I believe I'm taking the safe bet that lets Anthropic make hay while the sun shines without risking a major misstep. Nothing stops them from using their own data centers for cheap slow "base load" while still using cloud partners for less common specialized needs. I just can't see why they would build the international data centers to reduce cloud partner costs on latency-sensitive workloads before those workloads actually show up in significant numbers.
latency absolutely matters? this is such a weird thing to say. for training sure, but customers absolutely want low latency
They want it, sure. Customers want everything if it's free, but this is about what they value with their money. In this thought experiment, you're Anthropic, not the customer. You're making a choice that's best for Anthropic. Will Anthropic lose customers because the latency is higher? No way. Customers want low cost and lots of usage more than they want low latency. In a cutthroat race to the bottom, there's no room to "give away" massively expensive freebies like a data center near every population center when the customer doesn't value those extras with actual money. It's the same reason we all tolerate the relatively slow batched token generation rate--the batching dramatically lowers the cost, and we need low cost inference more than we want fast generation. If the cost goes up we'll actually leave, for real.
After the initial announcement of "fast mode" in Claude Code, did you ever hear about anyone using it for real? I didn't. Vanishingly few people are willing to pay extra for faster inference.
Remember that the time-to-first-token is dominated by the time to process the prompt.
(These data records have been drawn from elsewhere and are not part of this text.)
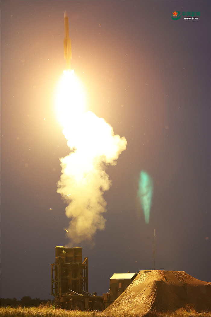 由于阵地位置暴露,导弹分队迅速转移。在预备阵地部署完毕的中高空导弹武器系统早已张网以待,迅速锁定目标,实施火力打击,多型雷达和导弹武器系统“编织”的防空网将目标全部摧毁。
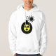 A graphic portrayal of the dangers of nuclear power. A bomb with a brightly lit fuse burning down to nuclear apocalypse.
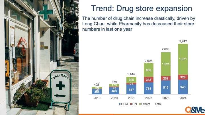 - ドラッグストアチェーン: ドラッグストアの数は2024年には3,200店以上に急増しました。「Long Chau」がその成長を牽引している一方で、「Pharmacity」は過去1年間に店舗数を減少させました。
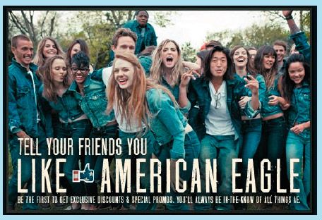 Бренд American Eagle использует возрастающую значимость социальных сетей в жизни 18–25 летних потребителей, которые уже имеют значительное количество друзей на Facebook.
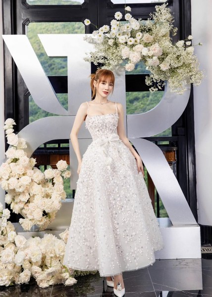 Loạt váy trắng của Nhã Phương có kiểu dáng và chất liệu đa dạng. Cô tham dự một chương trình hồi tháng 10 với váy ngắn ôm dáng kiểu corset, nhấn bằng đuôi váy dài phía trước.
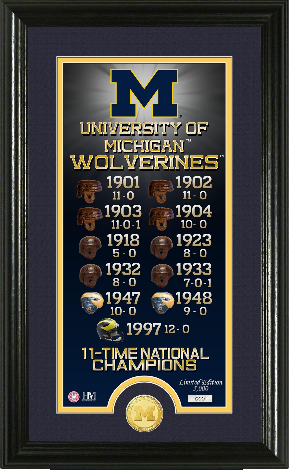 Your team has an extentsive history. Commemorate their accomplishments with the Highland Mint® Michigan Wolverines Legacy Photo.
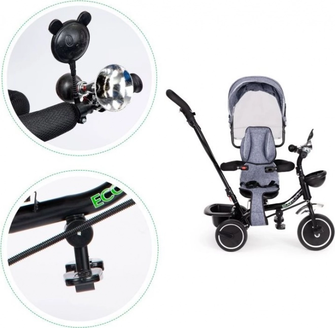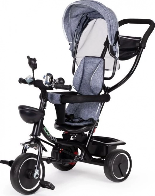 Trotineta ECOTOYS asigură confort datorită spătarului moale și centurilor de siguranță. Baldachinul detașabil protejează de soare sau ploaie.
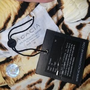 Brand new with tag. Pompeii silk cigarette capri pants in tiger animal print by acacia swimwear. Medium. Features an oversized shell button, front side pockets, highwater pant above ankle fit, an elasticized back waist, and cuffed hem. 95% silk 5% spandex. No trade please. The price is firm & reflects high % posh fee, rarity, way above retail peixe I originally paid for it, etc

It's orders of magnitude more latency than the network route is adding. An extra 200 milliseconds of network delay on a 5-10 second time-to-first-token is not even noticeable; it's within the normal TTFT jitter. It would be foolish to spend billions of dollars to drop data centers around the world to reduce the 200 milliseconds when it's not going to reduce the 5-10 seconds. Skip the exotic locales and put your data centers in Cheap Power Tax Haven County, USA. Perhaps run the numbers and see if Free Cooling City, Sweden is cheaper.
They’re unwilling to pay for fast mode because of the current step function price increase once you hit your quota. It’s a psychological effect. Because most shops I know in the US currently paying $125/mo per seat for Claude would happily - HAPPILY - pay 2x, and begrudgingly pay 10x that amount for the same service. If fast mode was priced 25% or 50% more they’d happily pay for that too. But it’s just not priced that way currently with weird growth subsidization & psychology.
The only AI use case that cares about latency is interactive voice agents, where you ideally want <200ms response time, and 100ms of network latency kills that. For coding and batch job agents anything under 1s isn't going to matter to the user.
tbh, that's a good point about the voice agents that I hadn't considered. I guess there are some latency-sensitive inference workloads. Thanks for pointing that out.
1 reply →
A customer service chatbot can require more than one LLM call per response to the point that latency anywhere in the system starts to show up as a degraded end-user experience.
Easy solution - use hyperscalers with super expensive API charge only when latency really matters. Otherwise build your own DC. Easy to expect customers don't care latency that much over money.